In hardwoods, almost all kilns air dry for a while before putting the lumber in the kiln because it takes much longer to dry hardwoods than softwoods, and time is money.


----------



## cracknpop (Dec 20, 2011)

I appreciate all the good advice. Looks like I will sticker and stack it for a few months. My brother has a large building open along one side, I will stack it there so it is under cover, yet air can move.

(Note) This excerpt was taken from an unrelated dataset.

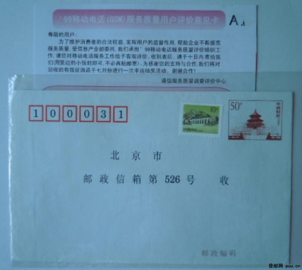 天坛526封移动版加贴10分长城票新(带移动电话服务质量征询函)

Do I understand correctly, I should weight it down in some way?
Is it advisable to shuffle and restack at some point?


----------



## donwilwol (May 16, 2011)

I get the cheap ratchet straps and strap it instead of trying to weight it down. Restacking probably does help, but I'm never that ambitious.


----------



## roman (Sep 28, 2007)

yup


----------



## WoodworkingGeek (Jan 11, 2011)

Keep in mind that wood drys faster in lower humidity environments. Thats why wood drys faster in the winter. So if you live in place that has low humidity, it will dry faster. Also moisture floats on the floor, So its best that you store the wood at least 3 feet above the floor.
Hope this helps!!
-Matthew


----------



## WDHLT15 (Aug 15, 2011)

I don't bother with trying to weight down a stack of wood. However, I may have up to 8000 BF air drying at one time. If you deal with small quantities, it may be practical. What I do is stack the best grade on the bottom and work up from there. The low grade on the top of the stack provides good weight for the high grade on the bottom of the stack. The low grade won't suffer much.


----------